Fashion designer Tom Ford has said he “laughed out loud” during a screening of House of Gucci.
While he praised Lady Gaga’s performance as Patrizia Reggiani, Ford, who was the creative director of Gucci between 1994 and 2004, was scathing in his critique of the film.
The Ridley Scott-directed starrer, which has been repeatedly criticised by the Gucci family, tells the story of Reggiani’s doomed marriage to Maurizio Gucci. Reggiani was convicted of ordering his murder after hiring a hitman to kill him.
After watching the film, Ford said that he was “deeply sad for several days” and that it was hard for him to “see the humour and camp” in something that was so bloody. “In real life, none of it was camp,” he said in the digital magazine Air Mail. “I suspect [it] will be a hit,” he wrote. “Splash the Gucci name across things and they usually sell.” Indeed, online searches for Gucci clothes have increased by 73% since the release of the film.
Ford, who launched his own company in 2005 after leaving Gucci as well as later directing the films A Single Man and Nocturnal Animals, went on to praise some aspects of the film. He applauded “Gaga’s and [Adam] Driver’s strong performances, powerful over-the-top portrayals by the entire cast, impeccable costumes, stunning sets and beautiful cinematography”.
Today, the Gucci family released a statement, calling the film: “an insult to the legacy on which the brand is built today.” They say that they observed the release of House of Gucci with “some bewilderment.”
“Despite the claim that the work seeks to tell the ‘true story’ of the family, the fears aroused by the trailer and interviews released thus far are confirmed: the film conveys a narrative that is anything but accurate,” reads the statement.
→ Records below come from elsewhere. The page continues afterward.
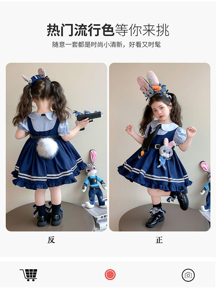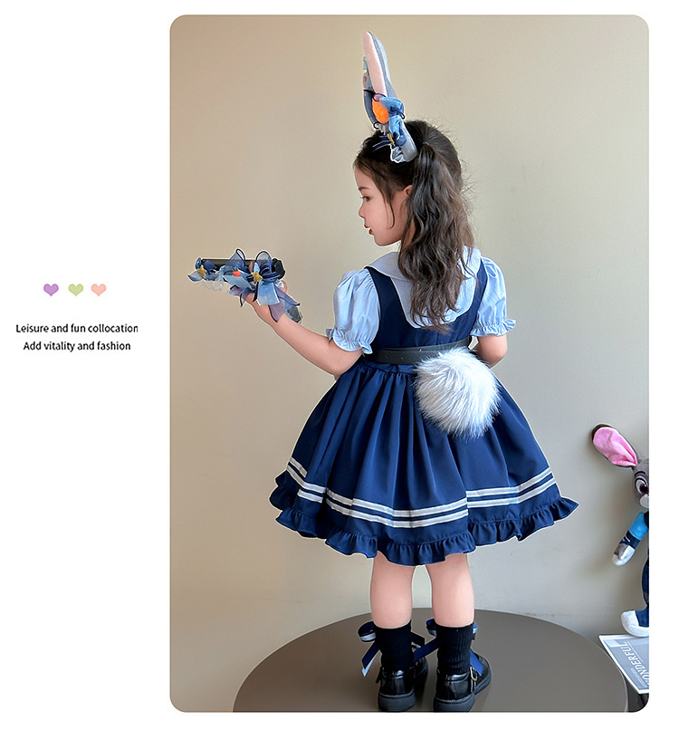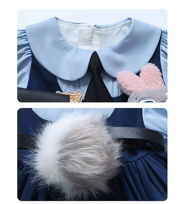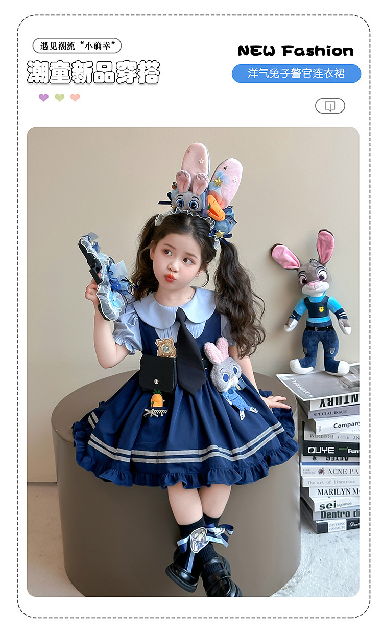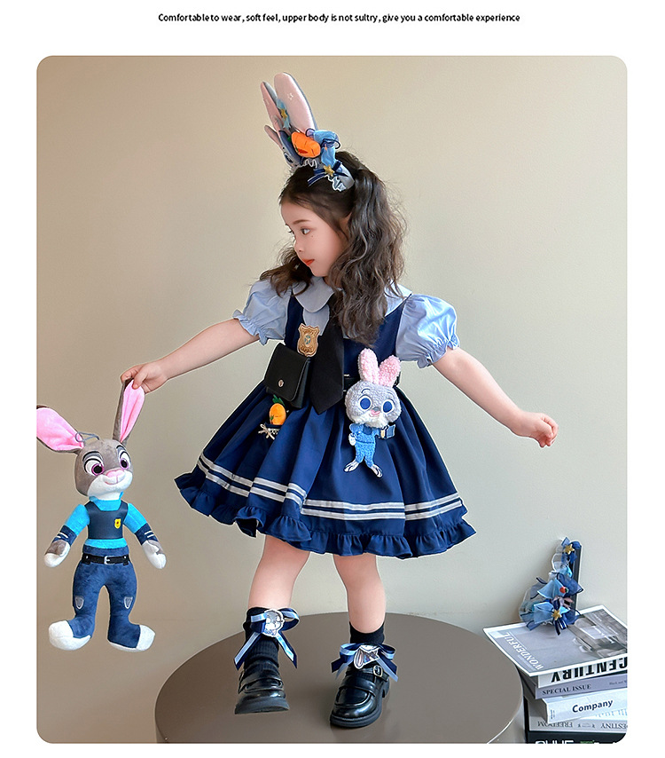 青(小さな帽子),ブルー(ヘアピン),ブルー(ネクタイバッグベルトうさぎ),青(ピストル),青(大きな帽子),青(人形),青(ヘッドギア),黒(ソックス),ホワイト(バッスル),ブルー(スカート)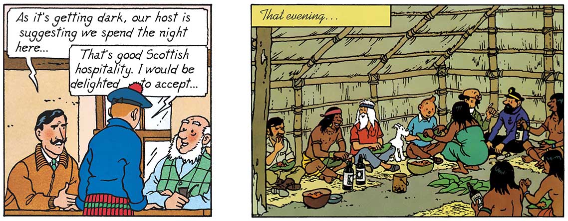 Where there's friendliness, there's usually hospitality, as the two concepts often go hand in hand. So it's hardly surprising that in The Black Island, Tintin is warmly received - and welcomed, too - by the proprietor of an inn. The innkeeper offers him clothes, room and board. Enough to get him back on his feet after a chaotic, bumpy flight. When it comes to hospitality, the Picaros are not to be outdone either, as it's in the hut of the Kaloma chief that he is received as a guest of honour, in the company of his faithful acolytes. Each meal shared with the local people is a golden opportunity to forge strong socio-cultural links. Strong because respectful, fraternal and sincere.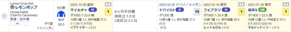 レモンポップは南部杯の前に半年の休養があるので判断が難しいところです。

It adds that the family reserves: “the right to take any action necessary to protect the name, image and dignity of themselves and their loved ones.”
Addressing the factual accuracy behind the film, director Ridley Scott told Total Film last month: “I tried to be as respectful as possible by being as factual as possible, and as factual as we can possibly imagine.” Scott added: “the story, in a funny kind of way, it’s a satire. And therefore, satire is really a posh way of saying it’s a comedy. And I think a lot of it is comedic. Certainly for the first two acts.”